内田康夫夫人であり、作家・エッセイストでもある早坂真紀の随想を不定期でお届け致します。
表参道の変貌
2017.2.16 Thu
先日、野暮用で青山に出かけた。青山と言えば、50年近くになるけど、夫と出会ったころに私が住んでいたところだ。
そのころ勤めていた会社の最寄り駅は『三越前』で、私のアパートは『外苑前』と『神宮前』の中間あたりにあった。

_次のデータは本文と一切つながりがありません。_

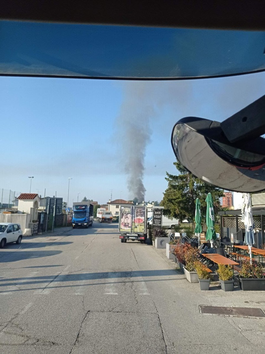 Incendio in un capannone in Friuli: densa colonna di fumo visibile a distanza
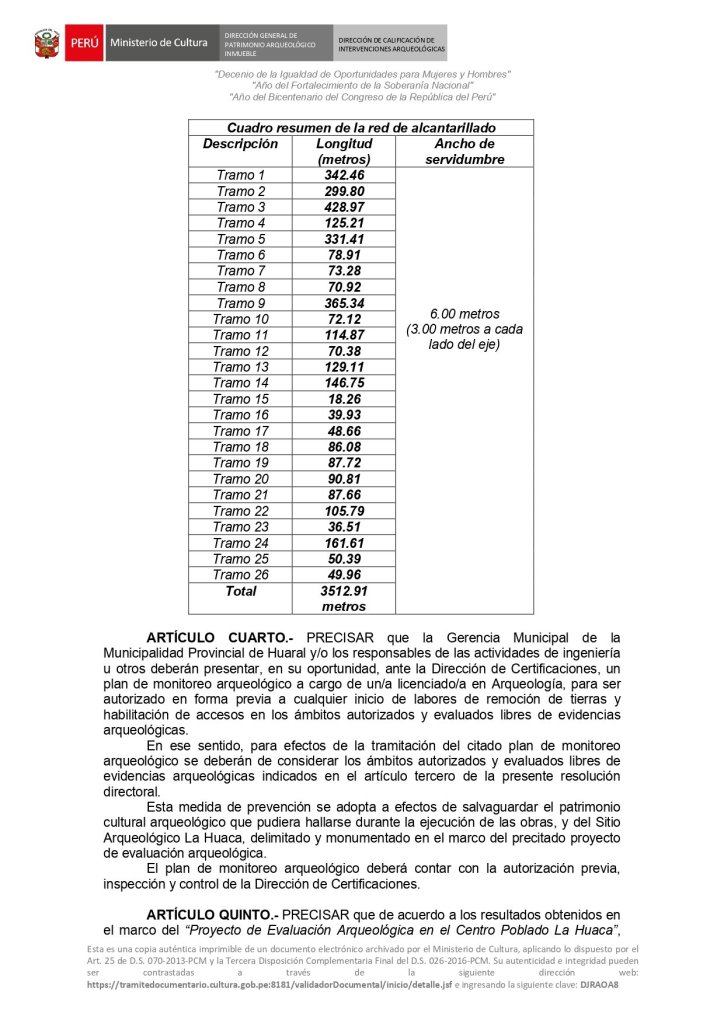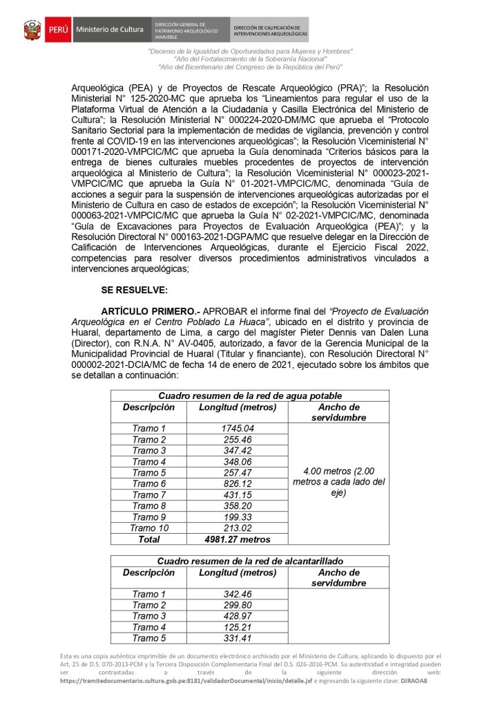 “Quiero comunicarles que por fin el Ministerio de Cultura, el 23.06.2022, emitió la RESOLUCIÓN DIRECTORAL N° 00216-2022-DCIA/MC, mediante el cual se APROBÓ el Informe final del “Proyecto de Evaluación Arqueológica en el Centro Poblado La Huaca”, ubicado en el distrito y provincia de Huaral, departamento de Lima, el cual estuvo a cargo del magister Pieter Dennis Van Dalen Luna, con este documento se establece las áreas libres de evidencias arqueológicas y con el cual se podrá iniciar el proceso de elaboración del expediente técnico del proyecto de agua desagüe, que se encuentra a cargo del Gobierno Regional de Lima”, escribió en su cuenta personal de Facebook.
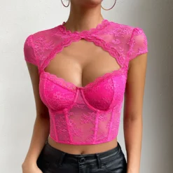 This Women Round Neck Lace Diamond Sexy Hollow Steel Ring Fishbone Crop Top Design Made Of Thick Polyster And Spandex Materail, Which Is Soft And Comfortable. Crop Tops For Women Almost Earn Enough Rate Of Second Glance In Summer. Cute Crop Tops Has Become a Summer Collocation Method Especially Favored By Young Ladies. Find Huge Selection Of Cheap Wholesale Sexy Crop Tops At Global Lover Now.
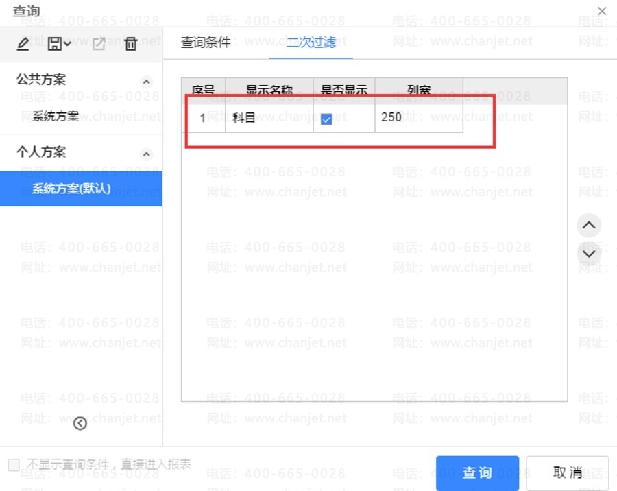 STEP2:若导出时想一个科目显示在一页,可以在【表头二次过滤项】中勾选科目;
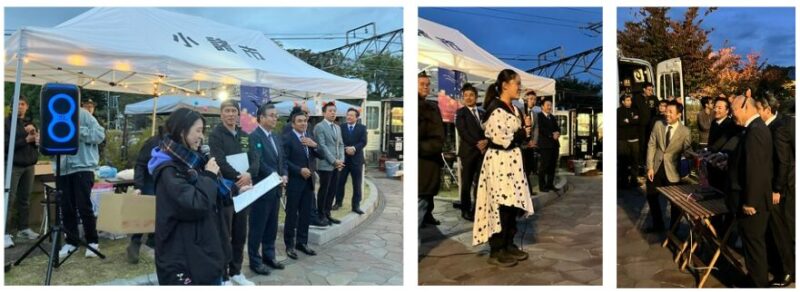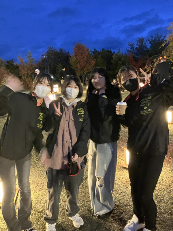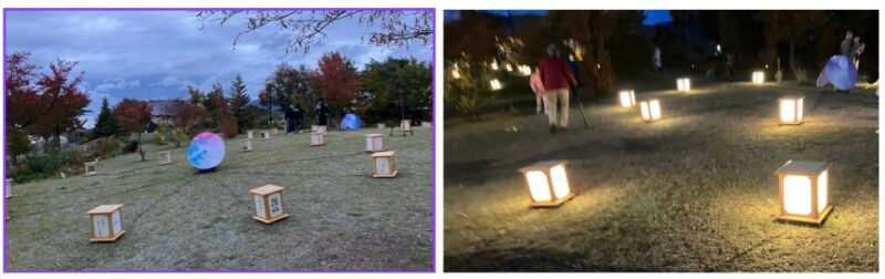 初日の17時からは点灯式が行われ、16時からは「あかり市」として飲食・クラフト品の販売も展開。ハロウィーンの時期とも重なり、近隣中学校の生徒会を中心に(生徒会のテーマ「つながる」)80名ほどの生徒が仮装ブースなどで盛り上げたり、地域の人々と来訪者がゆるやかに交流する場にもなっていました。会場には駅前、停車場ガーデン、懐古園地下連絡通路など複数のスポットが設定され、町全体が光で包まれたような一夜となりました。
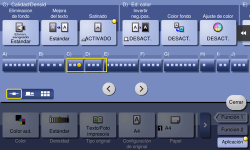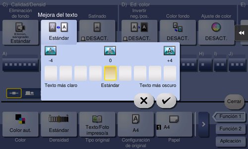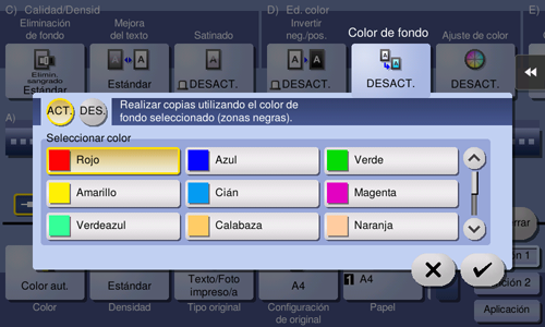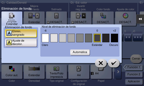 [Nivel de eliminación de fondo] | Toque este botón para ajustar la densidad del color de fondo para un original con un fondo en color. Si se selecciona la opción [Automática], la densidad del color de fondo se determina de forma automática y el original se copia con una densidad del fondo óptima. |
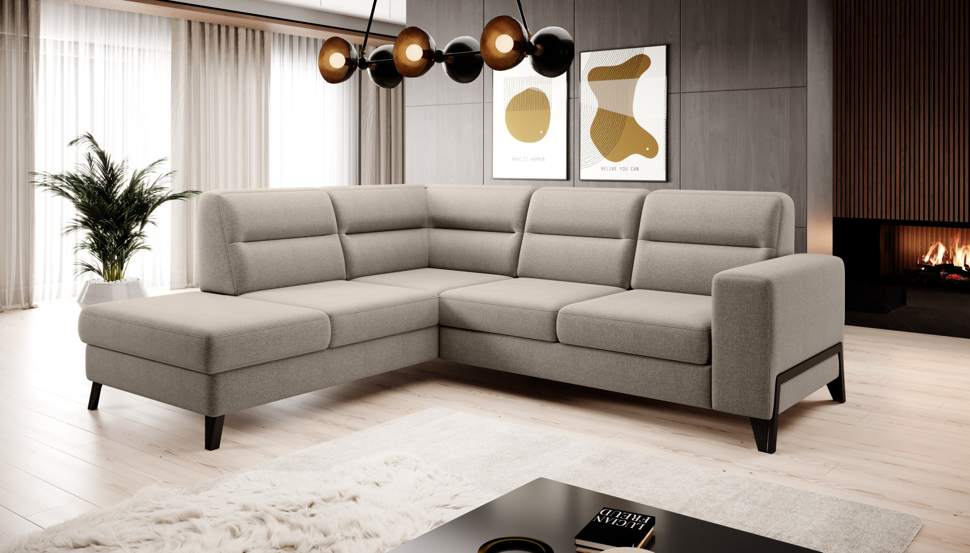 - možnost ustavení sedací soupravy do prostoru - záda sedací soupravy jsou očalouněny stejnou potahovou látkou
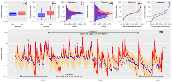 Model performance for streamflow (location: San Antonio at Ruta 3, sw107): (a,b) boxplots, (c,d) probability density function, (e,f) flow duration curves, (g) surface water hydrographs of observations (blue) and simulations (red) for the (a,c,e) calibration, and the (b,d,f) validation periods and 95% of prediction uncertainty (orange).
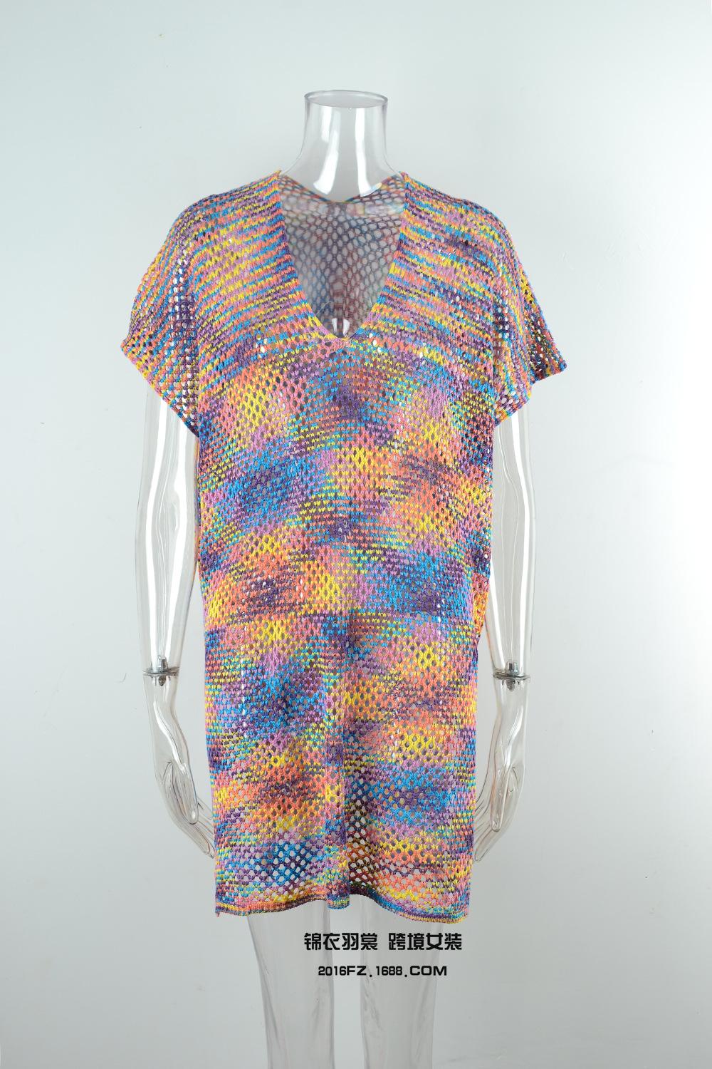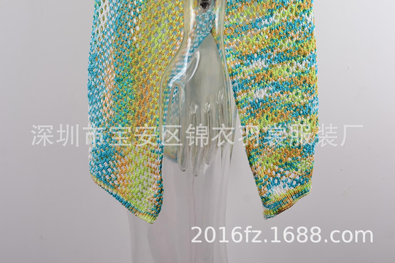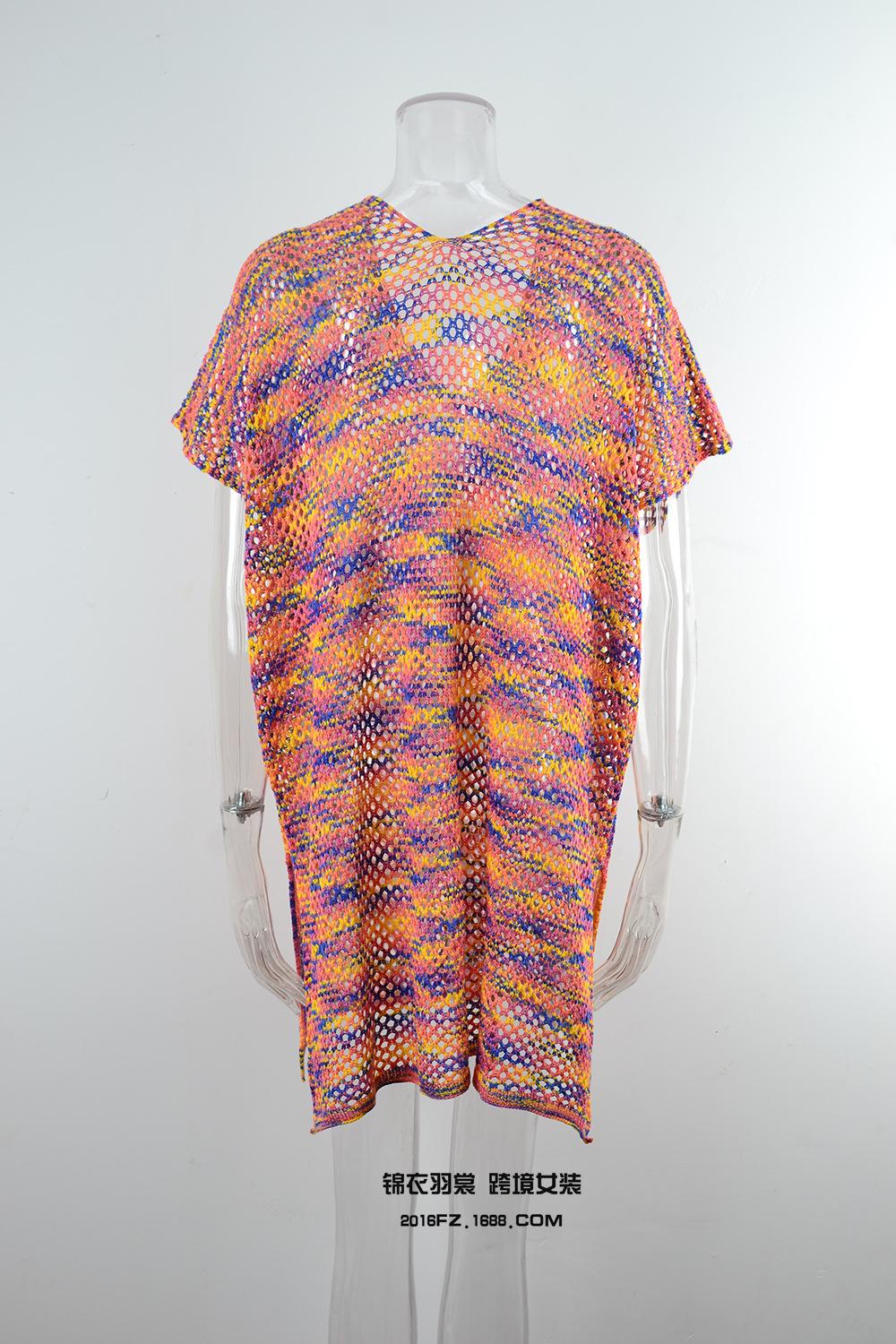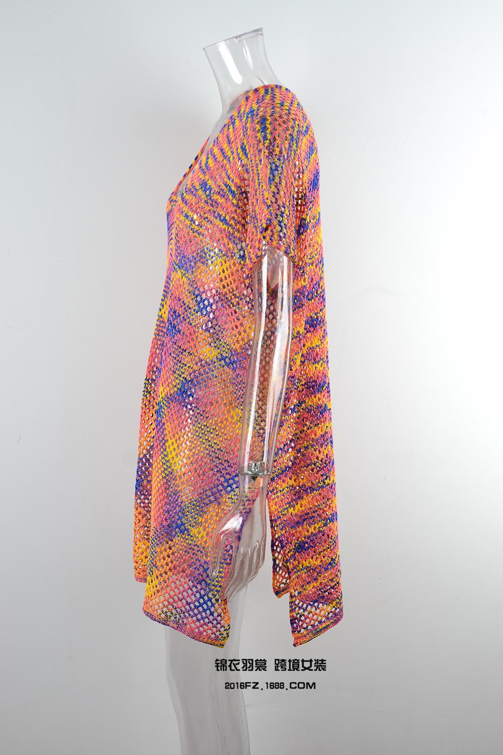 Blusa de Exportación Europea y Americana de Amazon 2025 Verano Costuras Arcoíris Recorte Suelto Camisa de Playa Bikini Tejido de Punto
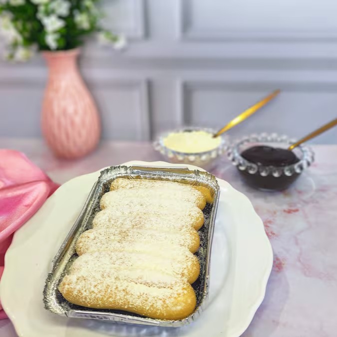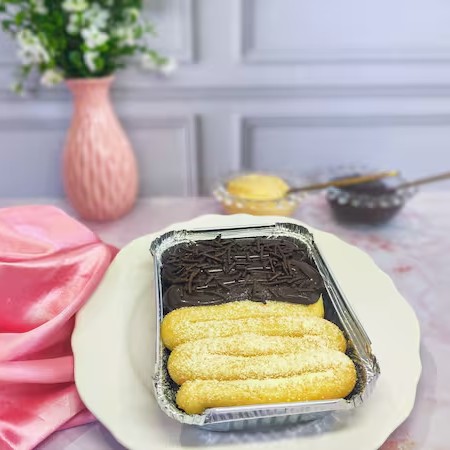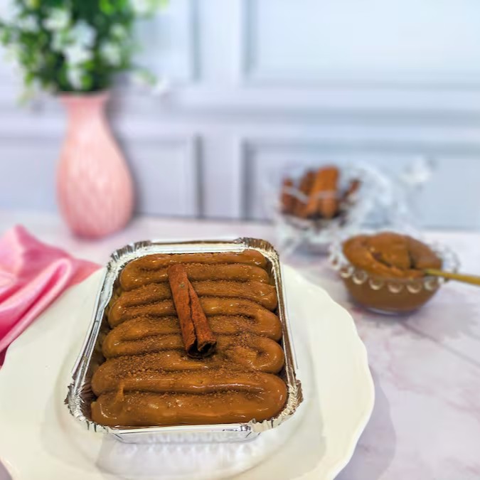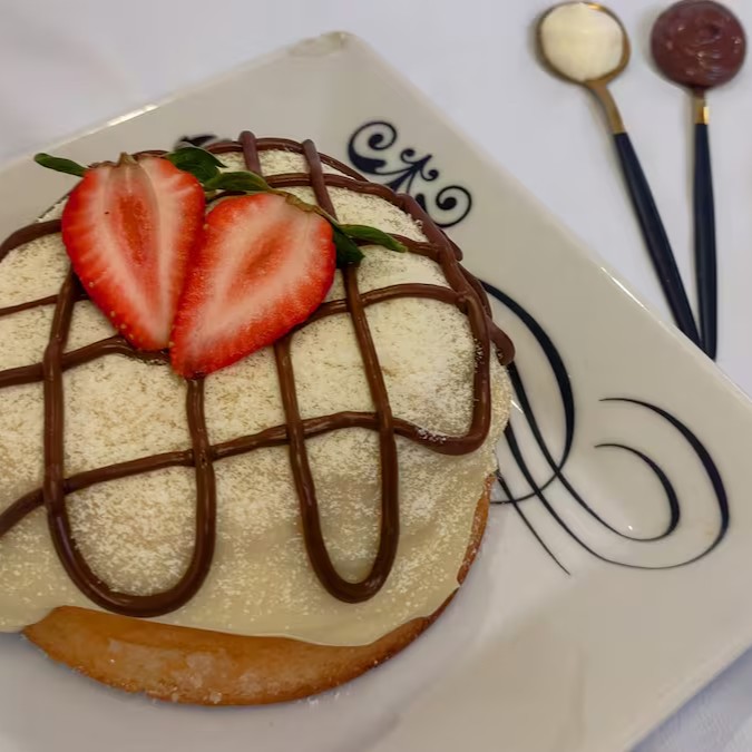 Aprox. 200g. Massa branca feita com iogurte natural, coberto com brigadeiro cremoso de doce de leite, polvilhado com canela e açúcar.
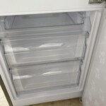 お預かりした冷蔵庫は、外観に目立つへこみや大きな傷は見受けられず、全体的にきれいな状態でした。前面ドアには使用に伴うわずかな拭き跡が確認できる程度で、再販に影響するダメージはありません。庫内も棚板・クリアケースともに欠損はなく、冷蔵室・冷凍室ともに清潔感が保たれていました。動作確認では冷却も安定しており、2023年製の比較的新しいモデルである点も高評価につながっています。
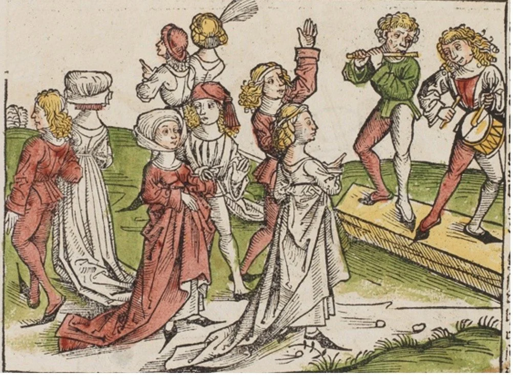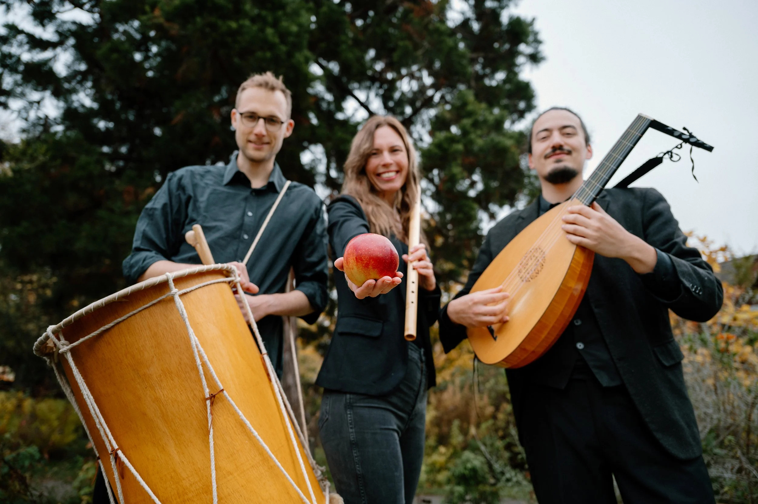 The ensemble began as a research exploration of functional music (including military, dance, and banquet music) provided by the historical flute and drum, such as the military duo shown in the Bern city chronicles of 1470 and the music of Emperor Maximilian’s Landsknechte. Holly Scarborough has presented lecture-recitals at different universities with drummer Philipp Wingeier, highlighting this once-prevalent instrumental combination that is still locally evident in the Basel Fasnacht tradition. Driving this academic research is the focus on recreating a repertoire to perform.
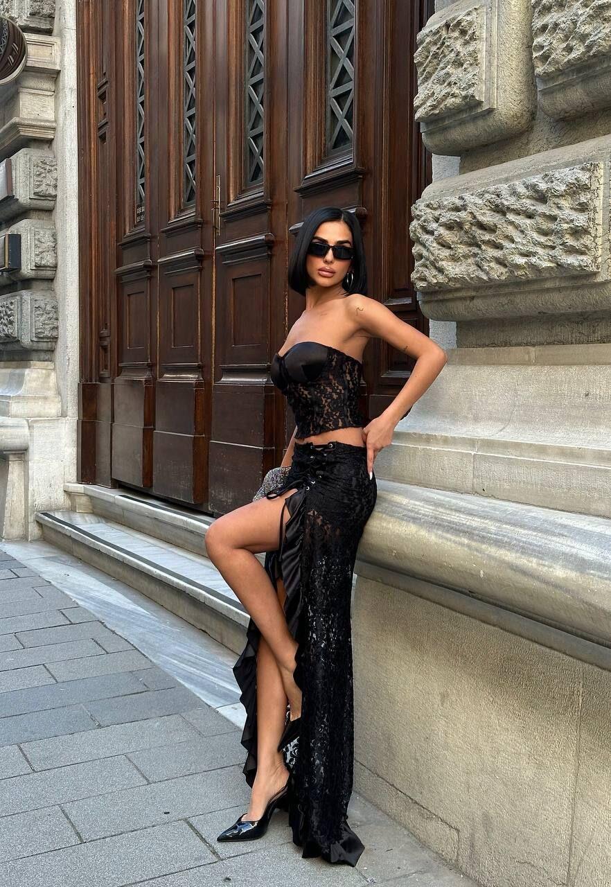 Bu muhteşem kuşgözü detayıyla tasarlanmış dantel etek büstiyer kombini, zarif ve çekici bir görünüm sunuyor. Dikkat çekici dantel detayları, zarif etek ve büstiyer ile mükemmel bir uyum sağlıyor. Bu kombin, herhangi bir özel etkinlik için mükemmel bir seçenektir ve tarzınızı vurgulamak için idealdir.

だから本来なら、会社には『三越前』寄りの『外苑前』の定期券を申請するべきなのだが、私は違反ではないけど少しズルをして、一駅渋谷寄りの『神宮前』を申請していた。
何故って、渋谷に出かけた帰り、一駅分の電車賃の節約になるから……。
若い時っていろいろ考えるのだなァと、笑ってしまう。
その『神宮前』がいつのまにか『表参道』に変わっていた。駅名に惹かれて、私は少し『現実逃避』をしたくなった。
あのころの表参道は大人の街だった……と思うのは、私の錯覚なのだろうか。あの頃の私は貧しかった。それでも表参道を歩くときは少し居ずまいを正して、少し背伸びをしてきどってウインドウショッピングをしたものだ。
20代半ばは立派な大人だけど、私は『大人』になったつもりだった。
時々車で通り抜けることはあったけど、表参道の変わりようにはびっくりしていた。どう見ても東京人ではないなと思わせる若者やオバサンたちの、自由で華やかなファッションに溢れていた。私は軽井沢に引っ込んでいるうちに、すっかり浦島太郎美になっていた。
同潤会アパートはなくなり(ニュースでは知っていたし、代官山の同潤会アパートのことは夫の作品で触れている)すっかり欧米化して(欧米化……と言っても、タカ&トシじゃない!)、旧市街という趣きはなくなっていた。
老兵は消えゆくのみ……をしみじみと噛みしめていた。